Of all the entries below, retype only the lines from the one with "洋气设计感木耳拼接V领长袖 极简纯色衬衫 时尚 新款 上衣潮 2025秋季" through the one with "The NOVA Dress", exactly as they appear.

* Source records
================================
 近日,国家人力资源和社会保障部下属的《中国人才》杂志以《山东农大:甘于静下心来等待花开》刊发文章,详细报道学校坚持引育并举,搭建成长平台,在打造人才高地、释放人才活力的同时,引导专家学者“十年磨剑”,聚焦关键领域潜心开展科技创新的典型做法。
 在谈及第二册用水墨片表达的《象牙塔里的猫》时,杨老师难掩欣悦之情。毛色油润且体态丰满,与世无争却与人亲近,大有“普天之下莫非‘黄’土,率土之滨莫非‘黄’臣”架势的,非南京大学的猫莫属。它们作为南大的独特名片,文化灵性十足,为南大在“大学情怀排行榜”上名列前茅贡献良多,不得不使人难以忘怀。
================================
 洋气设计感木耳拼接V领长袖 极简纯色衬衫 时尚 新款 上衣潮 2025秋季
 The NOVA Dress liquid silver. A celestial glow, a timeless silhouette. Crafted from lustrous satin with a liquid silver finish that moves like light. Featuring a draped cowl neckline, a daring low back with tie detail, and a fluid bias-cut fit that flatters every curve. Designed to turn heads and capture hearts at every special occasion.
================================
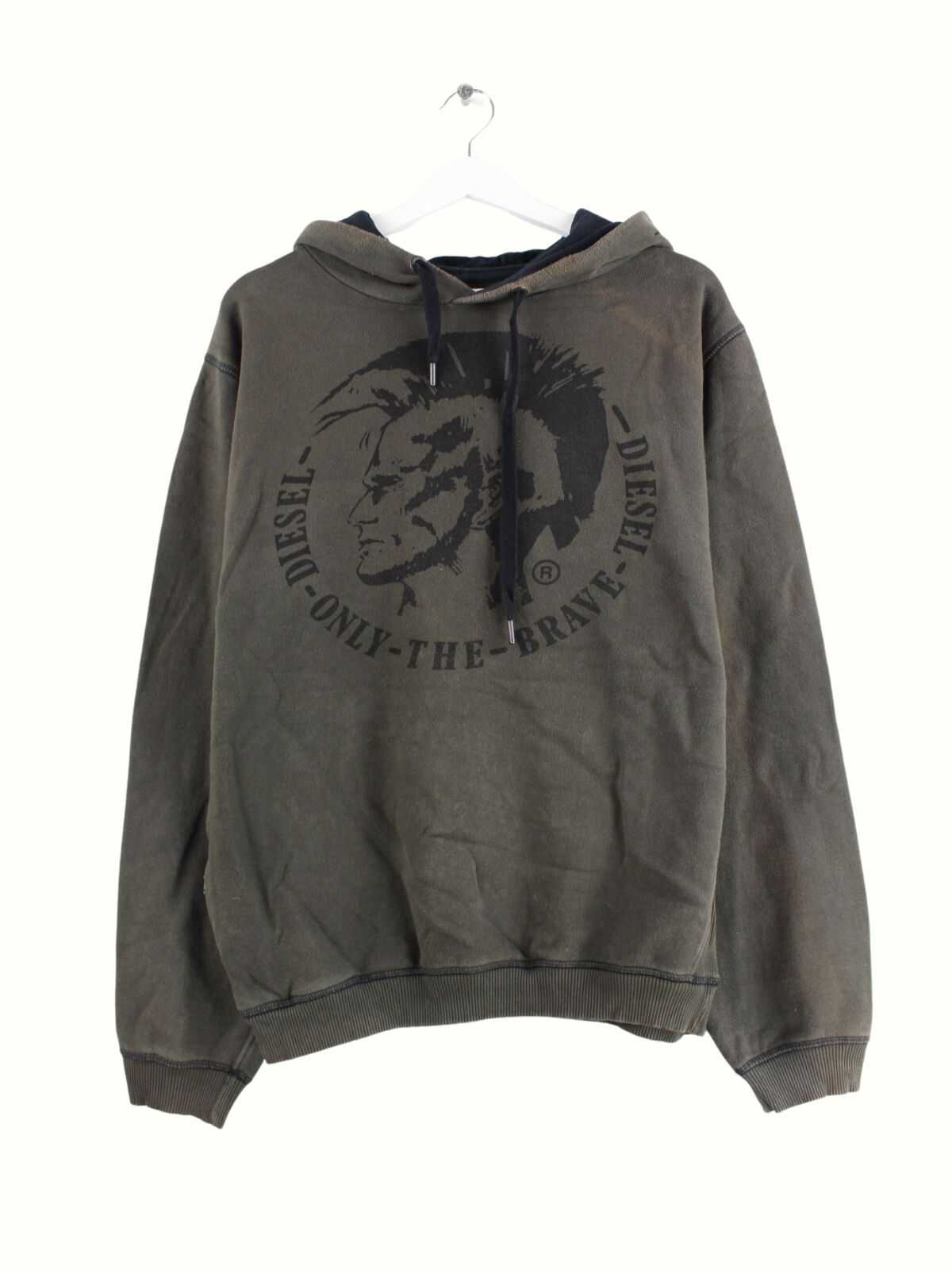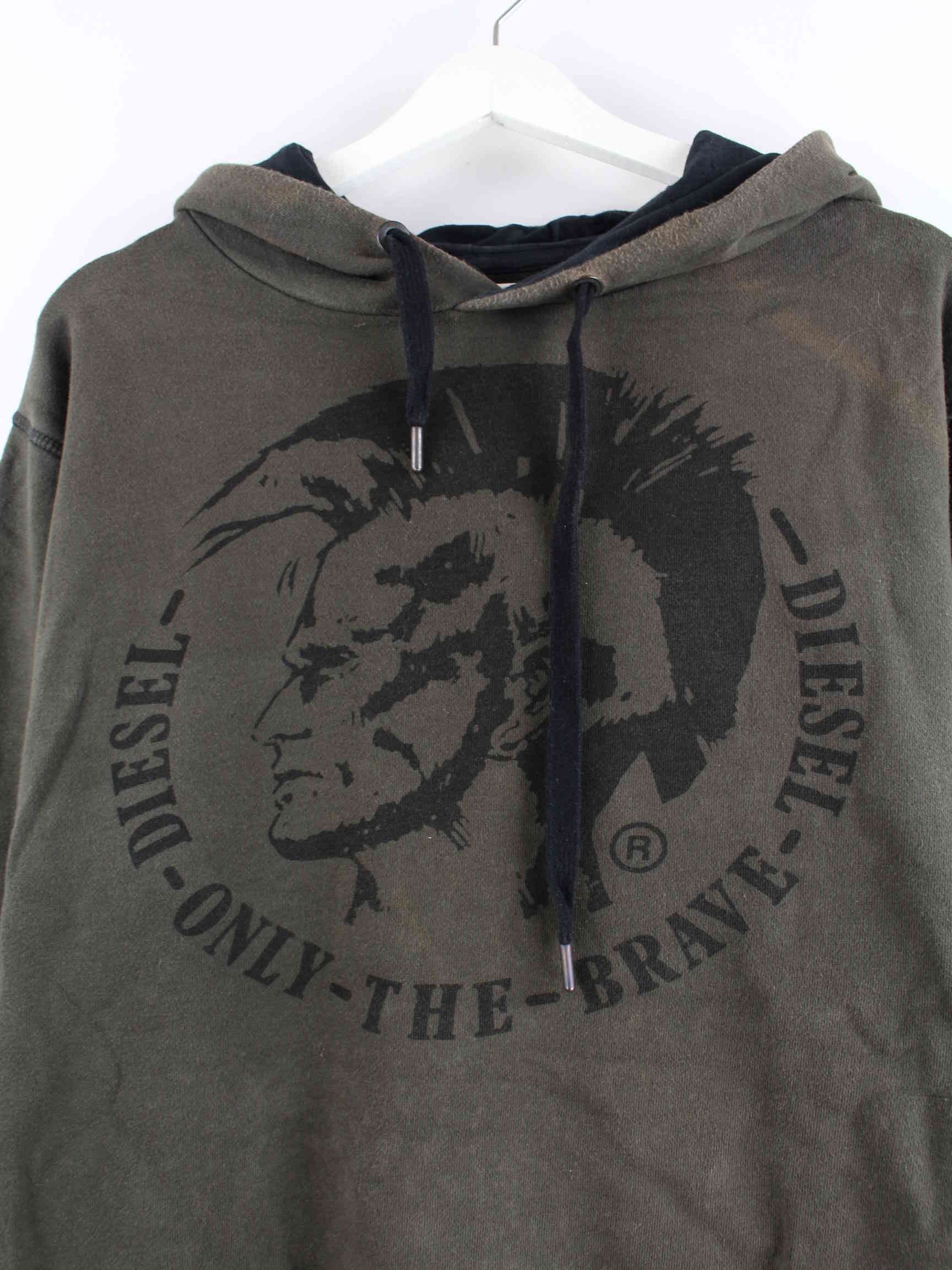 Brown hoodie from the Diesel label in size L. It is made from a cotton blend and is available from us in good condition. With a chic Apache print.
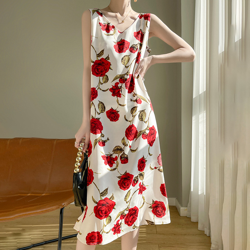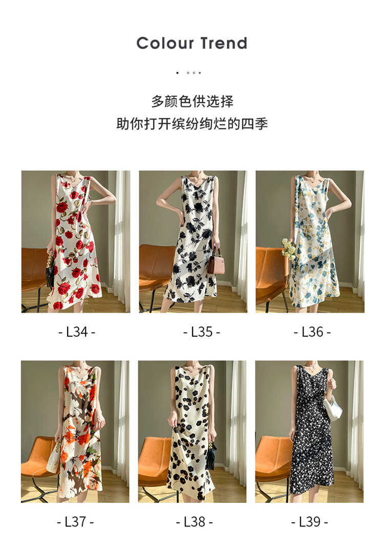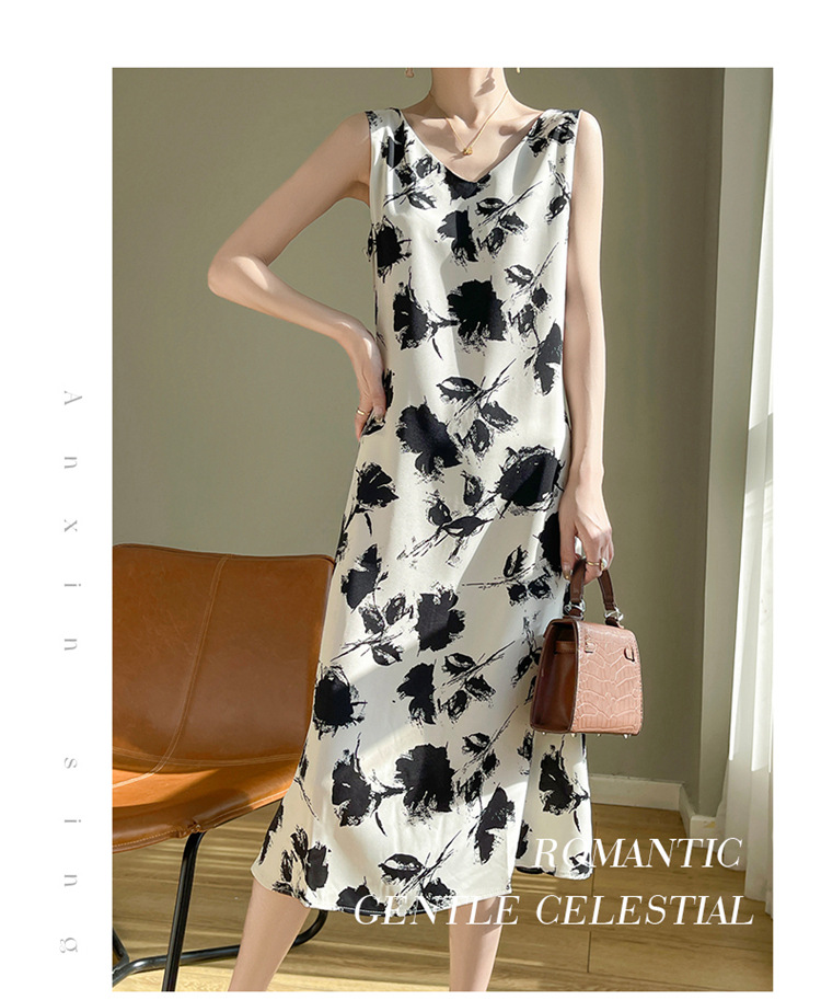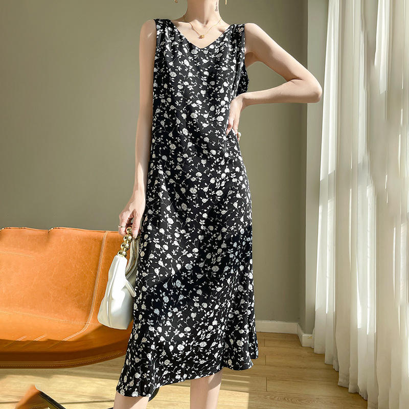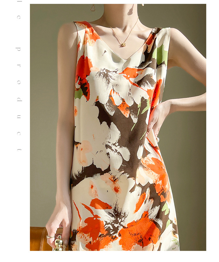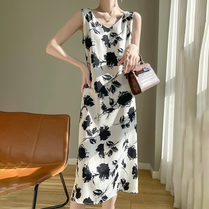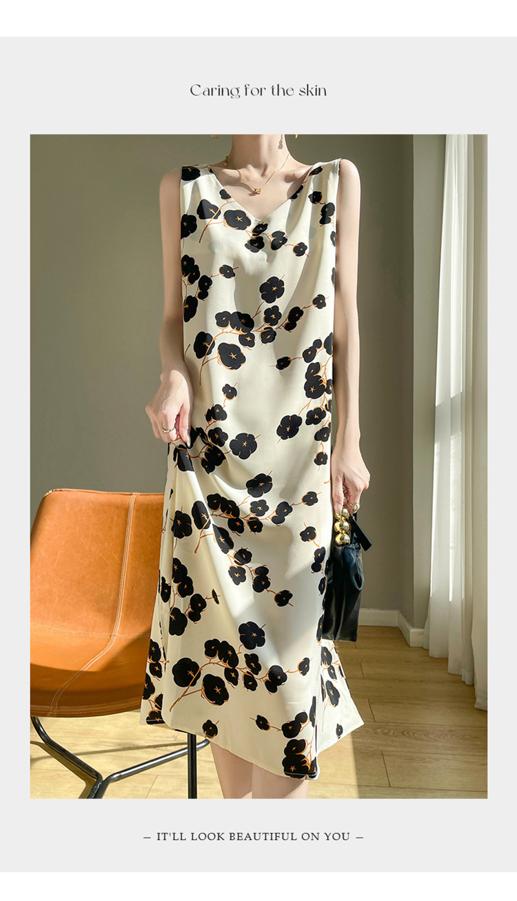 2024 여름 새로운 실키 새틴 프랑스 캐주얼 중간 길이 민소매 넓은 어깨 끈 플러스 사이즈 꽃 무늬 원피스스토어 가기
================================
* Response below
 洋气设计感木耳拼接V领长袖 极简纯色衬衫 时尚 新款 上衣潮 2025秋季
 The NOVA Dress liquid silver. A celestial glow, a timeless silhouette. Crafted from lustrous satin with a liquid silver finish that moves like light. Featuring a draped cowl neckline, a daring low back with tie detail, and a fluid bias-cut fit that flatters every curve. Designed to turn heads and capture hearts at every special occasion.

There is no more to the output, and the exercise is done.